_Task objective_
When the line with "Mix de tulle" comes up, set it down and every later line to the end of the data, exactly and without pictures.

_Data for analysis_
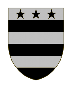 fascé d’argent et de sable (ou d’argent à trois fasces de sable) la première chargé de trois étoiles de sable.
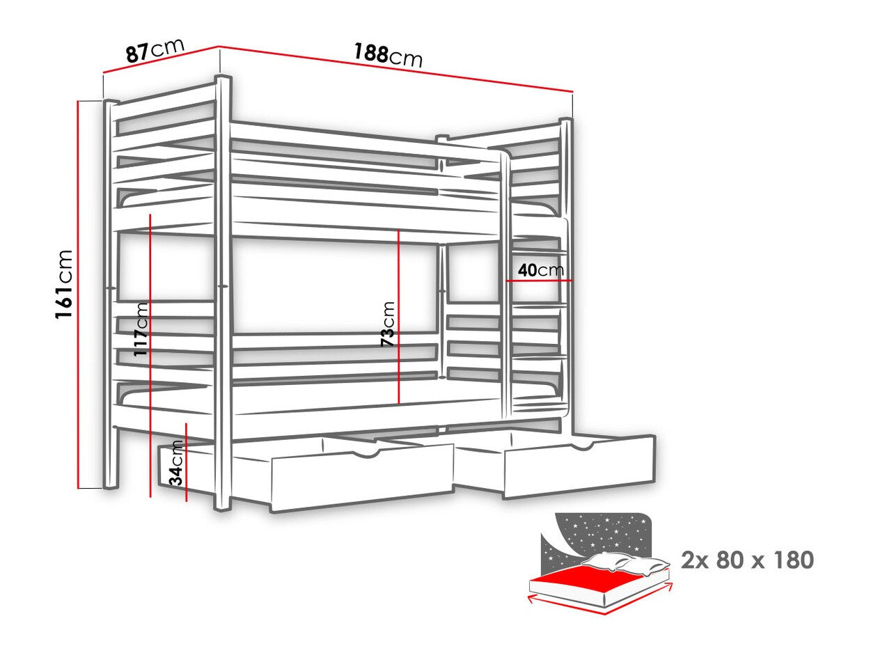 Emeletes ágy Nemo (Aero), Szín: Fehér, Alvó felület mérete: 80 x 180 cm
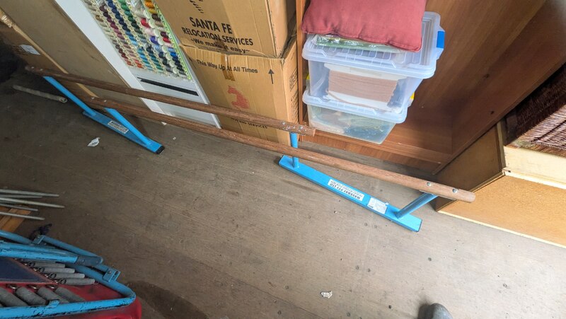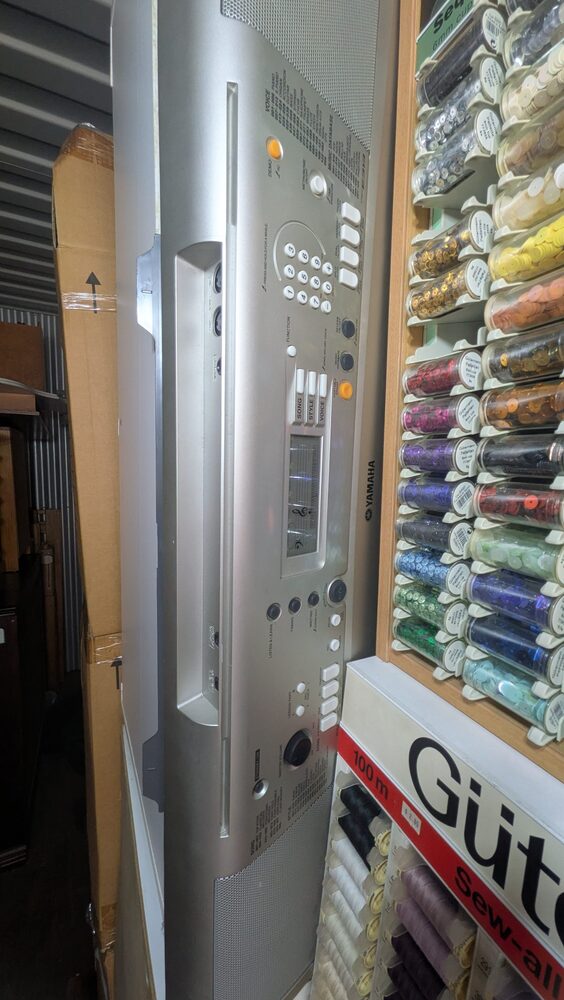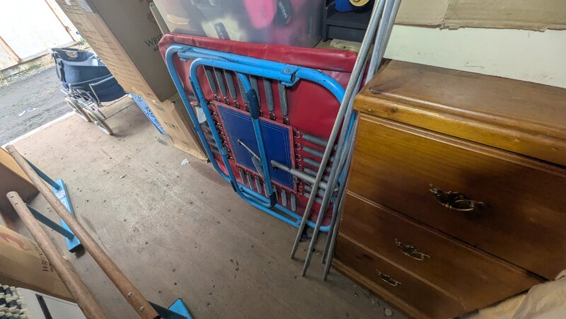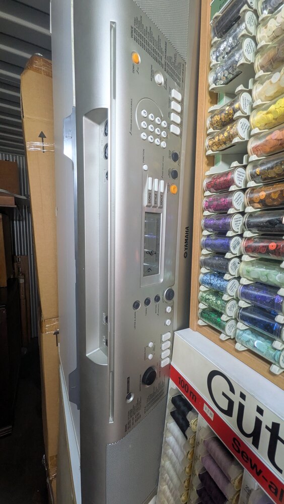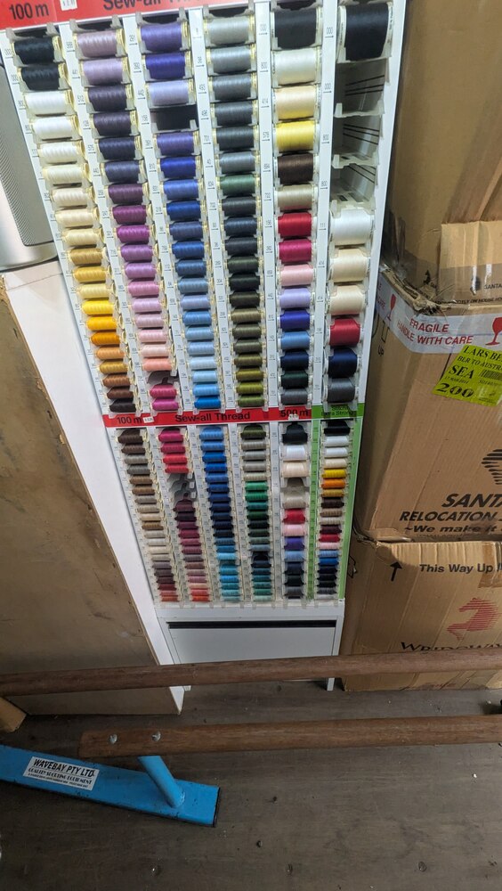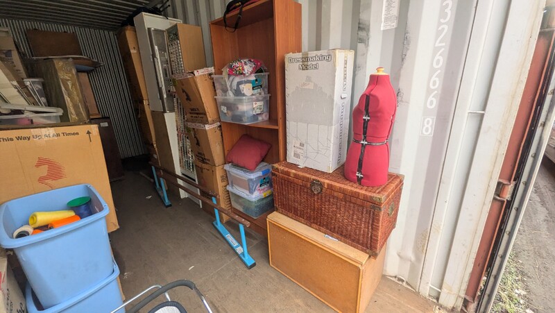 Lots of sewing items - high quality Gutermann threads, sequins, dressmaking dummys/models, household furniture and goods, including tennis raquets, bed frame, cupboards. shelves, pram, skateboard etc
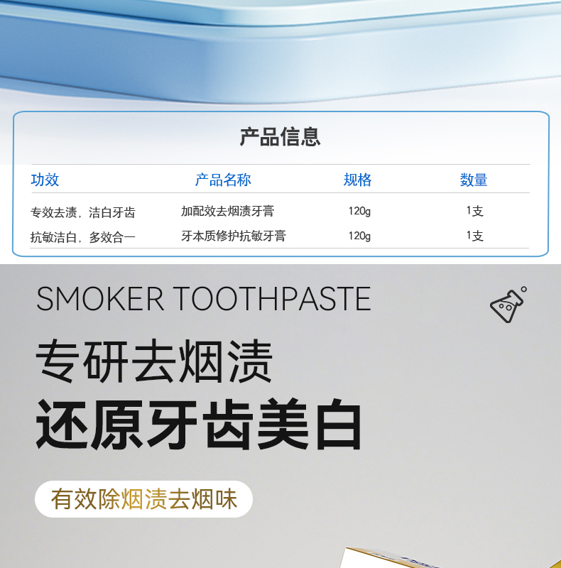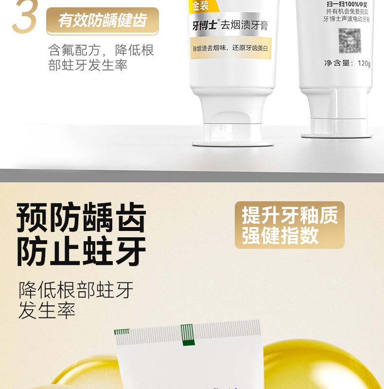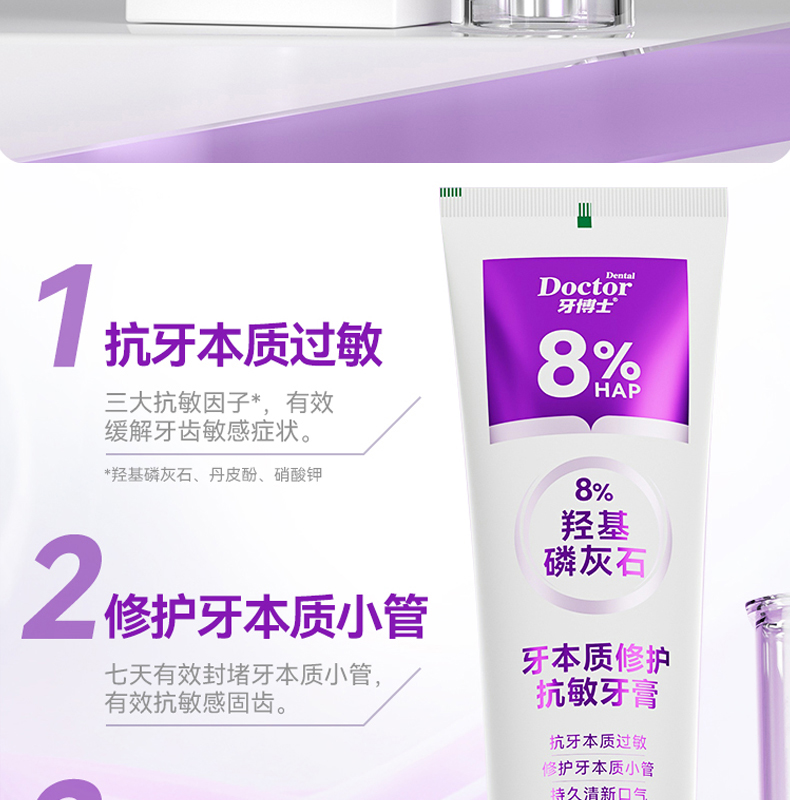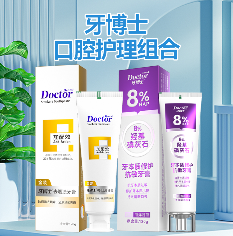 牙博士 牙膏 加配效去烟渍 牙本质修护抗敏羟基磷灰石牙本质修复抗敏美白 120g*2支 混色(单位:组)
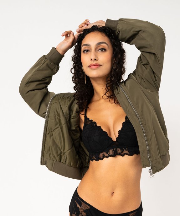 Mix de tulle et de dentelle moderne, décolleté renversant, bonnets confortables, ce soutien-gorge sans armatures va vous ravir ! Sa forme push-up avec bonnets rembourrés rehausse et rapproche votre poitrine pour un effet pigeonnant. On aime par-dessus tout la dentelle qui habille délicatement tout le tour du buste. Un soutien-gorge push-up à porter avec la culotte assortie pour un ensemble glamour.
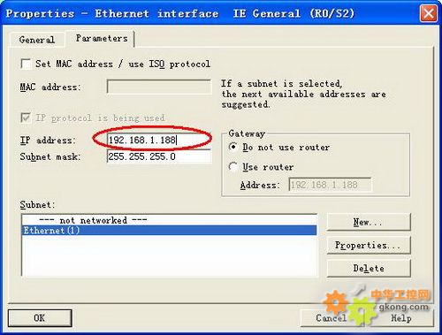 4、 繼續在右面Catalog中選中SIMATIC PC Station\CP Industrial Ethernet\IE General\SW6.2(任意版本),然后拖拉到左面PC機架的2號槽,在彈出的以太網接口屬性對話框中點擊New按鈕新建以太網網絡,然后將IP地址設置成BCNet-S7MPI的IP地址。
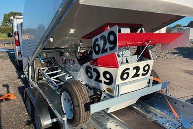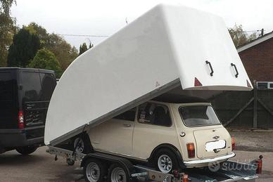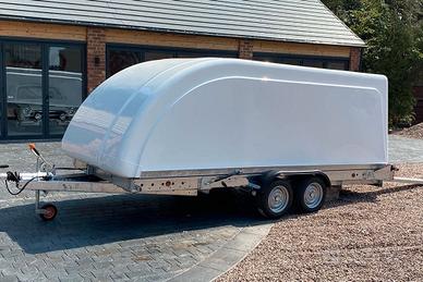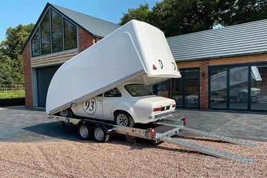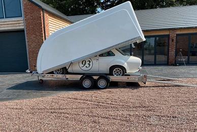 Rimorchio professionale per trasporto auto di piccole dimensioni: Kart, auto d'epoca, sportive, classiche, prototipi ecc. Con chiusura in materiale composito monopezzo senza guarnizioni esterne. Apertura tramite pistoni a gas ad alta pressione.

_Solution to the problem_
 Mix de tulle et de dentelle moderne, décolleté renversant, bonnets confortables, ce soutien-gorge sans armatures va vous ravir ! Sa forme push-up avec bonnets rembourrés rehausse et rapproche votre poitrine pour un effet pigeonnant. On aime par-dessus tout la dentelle qui habille délicatement tout le tour du buste. Un soutien-gorge push-up à porter avec la culotte assortie pour un ensemble glamour.
 4、 繼續在右面Catalog中選中SIMATIC PC Station\CP Industrial Ethernet\IE General\SW6.2(任意版本),然后拖拉到左面PC機架的2號槽,在彈出的以太網接口屬性對話框中點擊New按鈕新建以太網網絡,然后將IP地址設置成BCNet-S7MPI的IP地址。
 Rimorchio professionale per trasporto auto di piccole dimensioni: Kart, auto d'epoca, sportive, classiche, prototipi ecc. Con chiusura in materiale composito monopezzo senza guarnizioni esterne. Apertura tramite pistoni a gas ad alta pressione.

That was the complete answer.